Writing about bikes for 20 years. Published in dozens of titles on five continents. Mildly obsessed with discovering how things work.
Brudeli made headlines a decade ago when it put its KTM-powered Leanster 654L into limited production, three years after debuting its original design – the 625L – as a working prototype.
Not many were made, but Brudeli didn’t go unnoticed; Yamaha snapped up rights to the firm’s key leaning trike patent and may yet build its own production model around the same design. Unlike Yamaha’s existing ‘Leaning Multi Wheel’ models – the Tricity and Niken – the Brudeli design uses car-style double wishbone suspension, with a much wider front track and lower centre of gravity than Yamaha’s sliding fork based machines. Yamaha’s medium-term business plan for its three-wheelers includes the silhouette of a very Brudeli-like machine as the next model in its LMW line-up after the 3CT goes into production.
Now Geir Brudeli, the mastermind behind the Brudeli Leanster, has filed patent applications for another leaning three-wheeler that develops on his original idea and intends to increase rear-end traction to match the boosted front-end grip that the layout creates.
His new design uses the same double-wishbone front end design as the original Leanster, but combines it with a new chassis that incorporates a pivot in front of the rear suspension’s swingarm. It allows the rear end to rotate relative to the front, keeping the back wheel vertical even when the rest of the bike is at full lean. That means a wide, car-style rear wheel can be used, always keeping its tread flat against the road.

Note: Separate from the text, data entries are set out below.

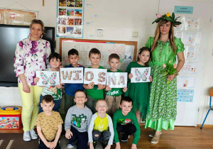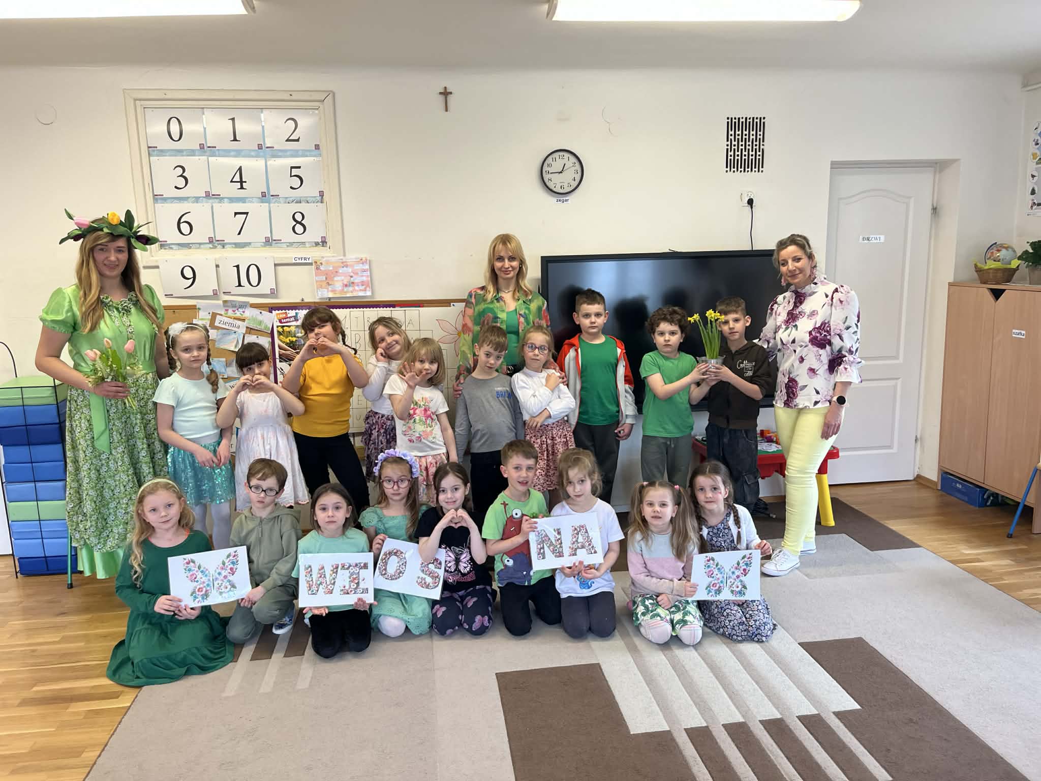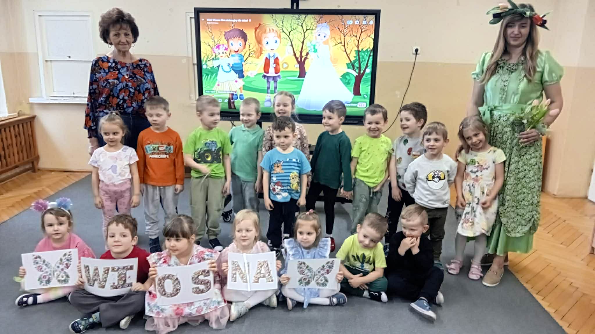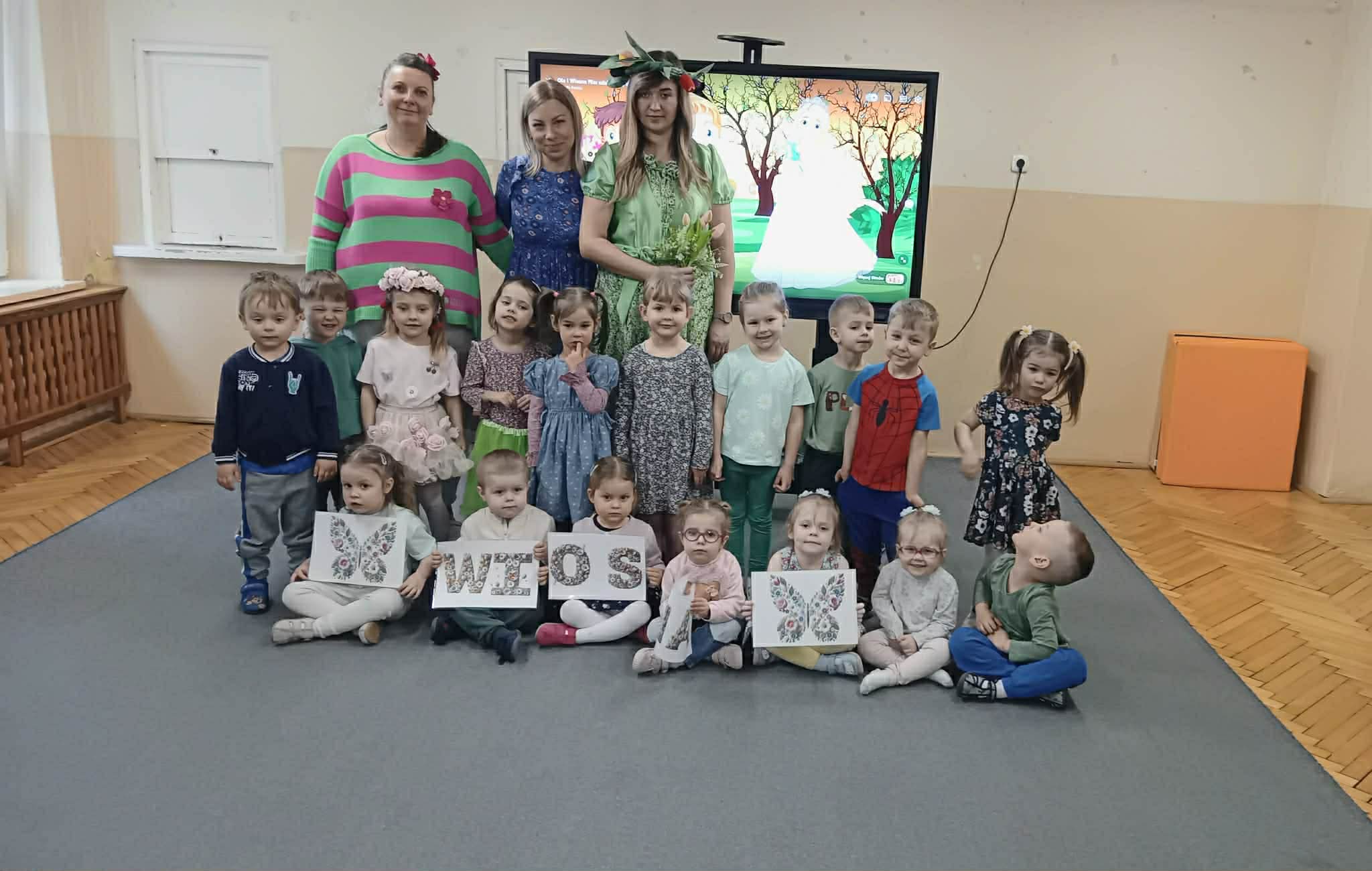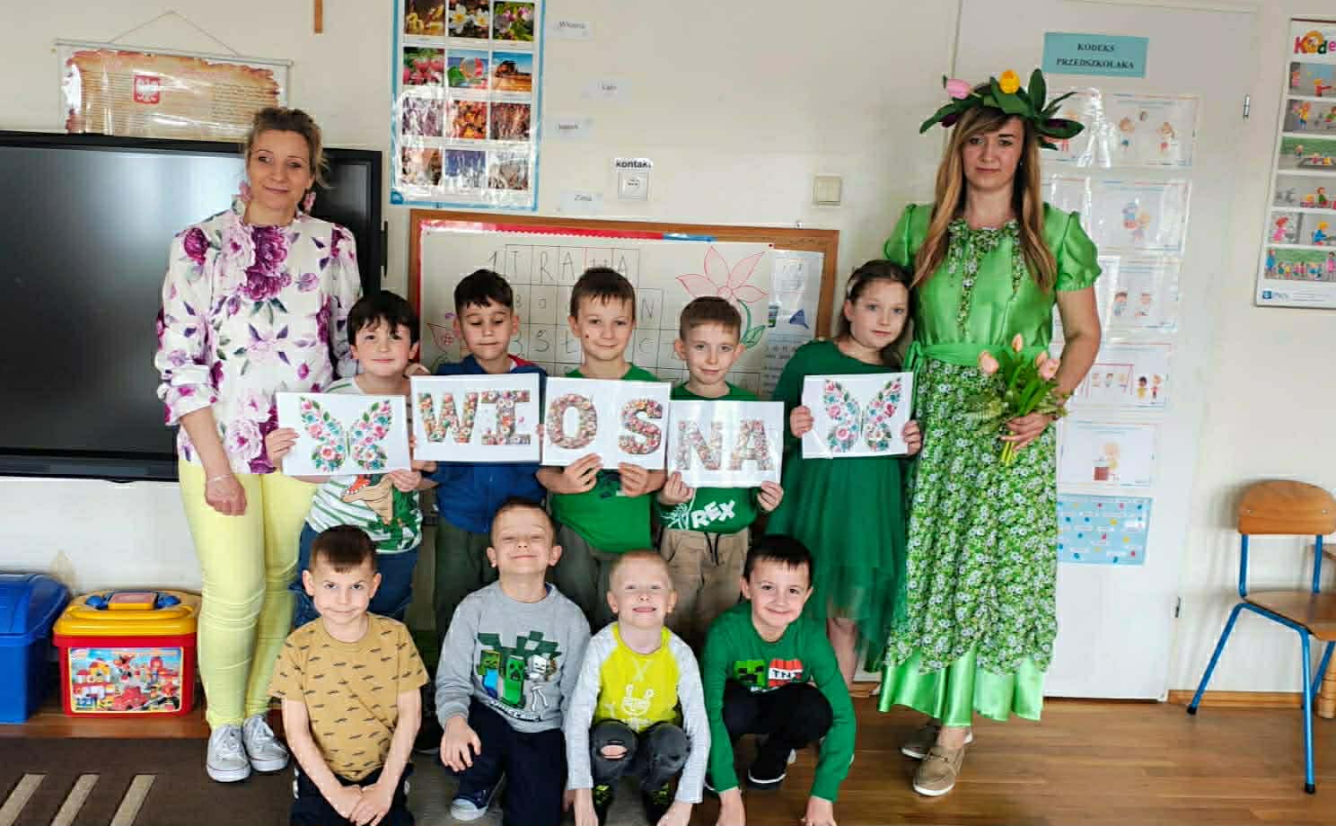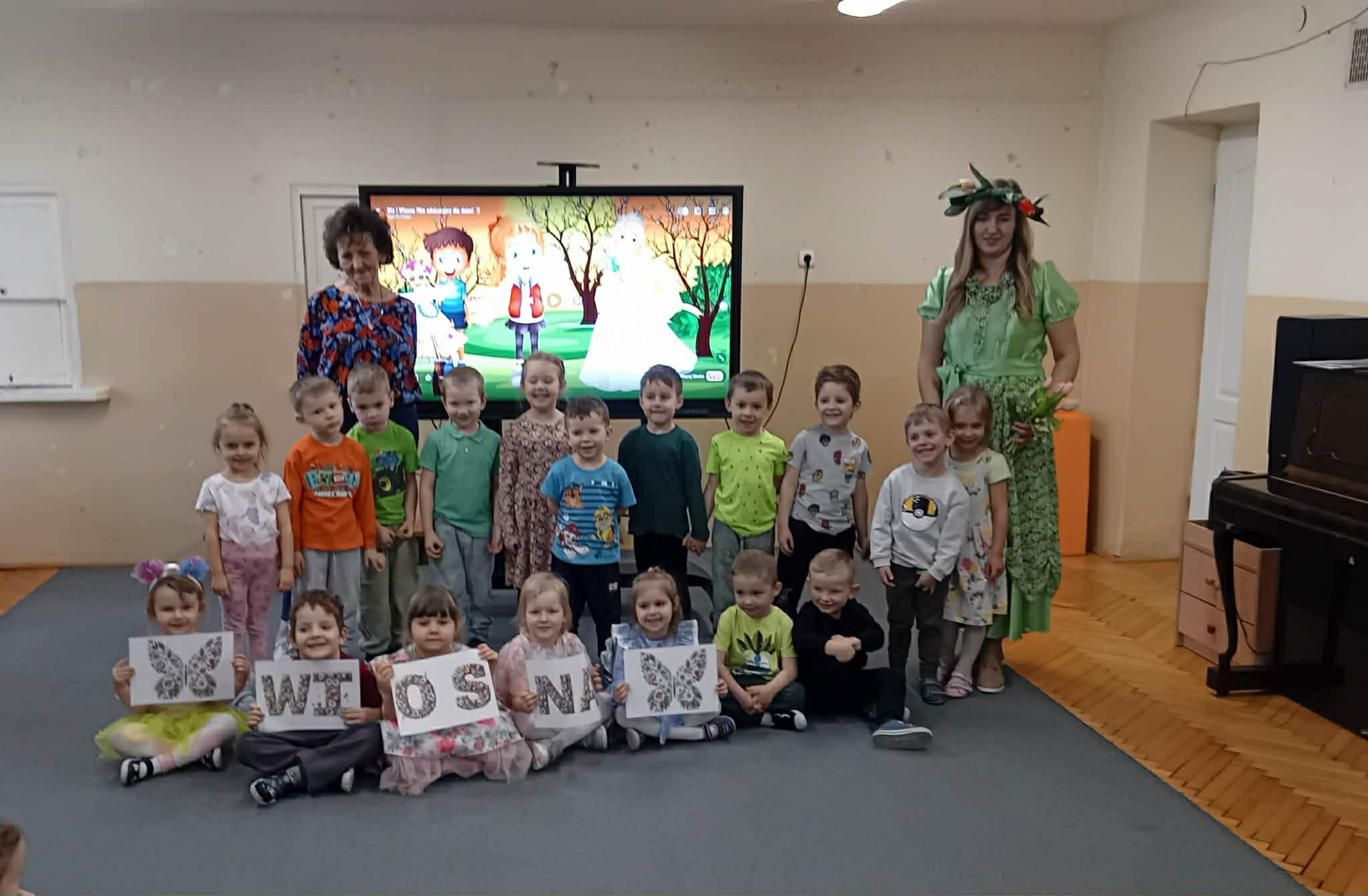 Dziś w naszym przedszkolu zrobiło się wyjątkowo zielono i radośnie – odwiedziła nas długo wyczekiwana Pani Wiosna! Choć za oknem bywa różnie, w naszych salach rozkwitły uśmiechy i zapanowała prawdziwie słoneczna atmosfera. Nasze najmłodsze przedszkolaki z grup „Bystrzaki” oraz „Biedronki” wspólnie świętowały ten dzień na sali gimnastycznej. Dzieci bawiły się wyśmienicie, wykazując się przy tym ogromną wiedzą – bezbłędnie odgadywały wiosenne zagadki! Nie zabrakło też radosnych śpiewów i tańców przy dźwiękach najpiękniejszych wiosennych piosenek. Na starsze grupy również czekała niezwykła wizyta Pani Wiosny. Dzieci z dumą prezentowały gościowi swoje talenty – recytowały wiersze i śpiewały piosenki o budzącej się do życia przyrodzie. Pani Wiosna przygotowała dla nich nie lada wyzwanie: wspólne rozwiązywanie krzyżówek! Starszaki poradziły sobie śpiewająco, wykazując się sprytem i wiedzą. Oczywiście nie obyło się bez radosnych, wspólnych zabaw ruchowych, które zintegrowały wszystkie dzieci. Na zakończenie spotkania każda grupa wykonała pamiątkowe zdjęcia z naszą wyjątkową towarzyszką. Dzieci z ogromnym entuzjazmem przyjęły Panią Wiosnę w naszych progach. Teraz wszyscy – mali i duzi – z niecierpliwością czekamy, aż pogoda za oknem również stanie się w pełni wiosenna!
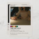 Anuncie seu dia especial com este na moda Moderno Salve a data com um cartão com foto frontal de cheio e um layout de detalhes limpo e estruturado no verso. Com espaço para sua data de casamento, local, informações de recepção e site, este design oferece beleza e função. Tipo clássico de serifa, um bar de paleta de cores saborosas, e sua foto personalizada fazem deste cartão um eterno ainda moderno para começar sua suíte de papelaria de casamento.
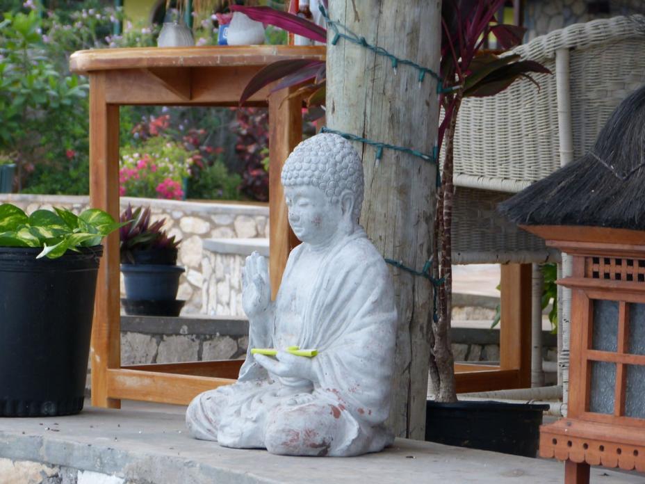 Past the wooden frog planter... by the classic Buddah holding kazoo statue...over the pool bridge...

The idea is clearly based on the flexibility that can be gained by using electric power rather than a petrol engine. An electric motor, mounted just ahead of the swingarm, also remains parallel with the road to keep the final drive chain aligned. The patent doesn’t show where the batteries would sit, but presumably they’d be kept on the tilting front half of the bike.
Of course, the idea of putting a hinge into the middle of a leaning three wheeler isn’t entirely new; Honda’s long-running Gyro line of scooters has kept its rear end vertical ever since it first emerged nearly 40 years ago, and itself was based on technology licenced from the BSA-built Ariel 3 of 1970. However, those designs all combine a single tilting front wheel with two vertical rears, where Brudeli puts the two wheels at the front – a layout that should provide far better grip and handling.